Thomas releva la tête et posa, cette fois-ci, son menton sur son épaule.
- En théorie, j'en ai dix-sept puisque j'ai vécu parmi les vivants après ma mort. Mais si cela peut te rassurer, j'ai aussi plus de dix mille ans.
- Je vais plutôt garder à l'esprit que tu as mon âge...
Il esquissa enfin un sourire rassuré puis poussa une exclamation afin que l'Alpha se mette en route pour Panahpolis. Le grand sage ne montra aucune réticence, il s'exécuta et emprunta le chemin qui avait mené Iris jusqu'au sommet de la colline. Quant aux deux jeunes gens, aucun ne quitta sa position. Ils ne voulaient pas encore se séparer, ils profitaient encore un peu de ce temps passé ensemble et qu'ils ne connaîtraient plus d'ici peu.
- Iris, l'appela l'archer pendant qu'ils descendaient le long de la pente.
Prête à l'écouter, elle tourna la tête légèrement vers lui, une partie de son front reposa contre le sien.
- Merci...
Émue, Iris ne put rien lui répondre sur le moment. Elle se contenta de poser une main sur les siennes qui la tenaient. Elle n'eut aucune difficulté à comprendre qu'il la remerciait pour son don, mais aussi pour le partage de ses sentiments. Depuis quand en éprouvait-elle de semblables ? Tout comme ceux de Thomas, les siens s'étaient manifestés durant les deux mois passés sur le plateau du Prélude. Cette période de survie les avait indéniablement rapprochés. Dès ses premiers émois, Iris avait souhaité les garder pour elle à cause de l'attitude incessamment fermée de son compagnon. Elle s'était persuadée qu'ils ne seraient jamais réciproques, alors elle les avait cachés. Ce fut pourquoi apprendre les sentiments de son ami l'avait laissée sans voix et l'avait perturbée, au point de ne pas savoir comment réagir.

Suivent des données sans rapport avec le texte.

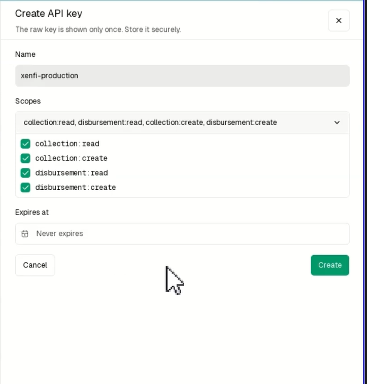 This section allows you to generate keys that enable communication between XenFi and the Snippe payment system.

Toujours appuyé sur son épaule, Thomas perdit son sourire et reprit son air attristé que son amie ne pouvait voir. En vérité, il ne lui avait pas tout dit pour ne pas l'inquiéter. L'unique année qu'il lui avait volé... n'équivalait qu'à quelques semaines de vie en tant qu'androïde. Et cette durée de vie, cette magie qu'il avait gagnée, il l'userait pour l'ultime bataille. Il combattrait à pleine puissance. Car pour mener à bien son plan, il n'avait pas d'autres choix à présent.